Summit County manslaughter trial connects lethal fentanyl overdose to defendant
On the evening of Nov. 2, 2015, Will Lancaster emerged from the shower to find his friend, Mark Largay, unresponsive in his room upstairs. Lancaster immediately tried to revive Largay and then called 911, but paramedics were unable to save him.
Largay died in an ambulance north of Blue River as a Flight for Life helicopter sat waiting on Highway 9. His cause of death was later ruled an overdose on fentanyl, a synthetic opioid that is far more potent than heroin.
A grand jury indicted Lancaster the next year on charges including manslaughter.

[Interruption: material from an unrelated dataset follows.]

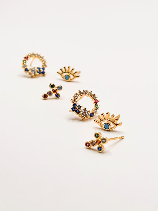 Aretes Ojo Azul Chapa de Oro 18K Az311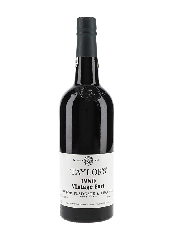 A bottle of Taylors 1980 Vintage Port, shipped and bottled by Taylor, Fladgate & Yeatman and imported into the UK by Deinhard & Co. Ltd., London, SE1.

Brandon Johnson, who allegedly sold Largay the drugs, was charged separately and is currently awaiting trial.
On the first day of oral arguments in Lancaster’s trial on Wednesday, District Attorney Bruce Brown did not introduce evidence indicating that Lancaster arranged the sale, nor that he handled the drugs or was present when Largay is believed to have ingested the fatal dose.
Rather, the manslaughter charge stems from text messages Largay sent Lancaster the day before asking about pricing and dosage, which Brown said made him complicit in the sale.
In the texts, Lancaster provided advice and also told him that inhaling the vapors from heated patches was effective but potentially lethal.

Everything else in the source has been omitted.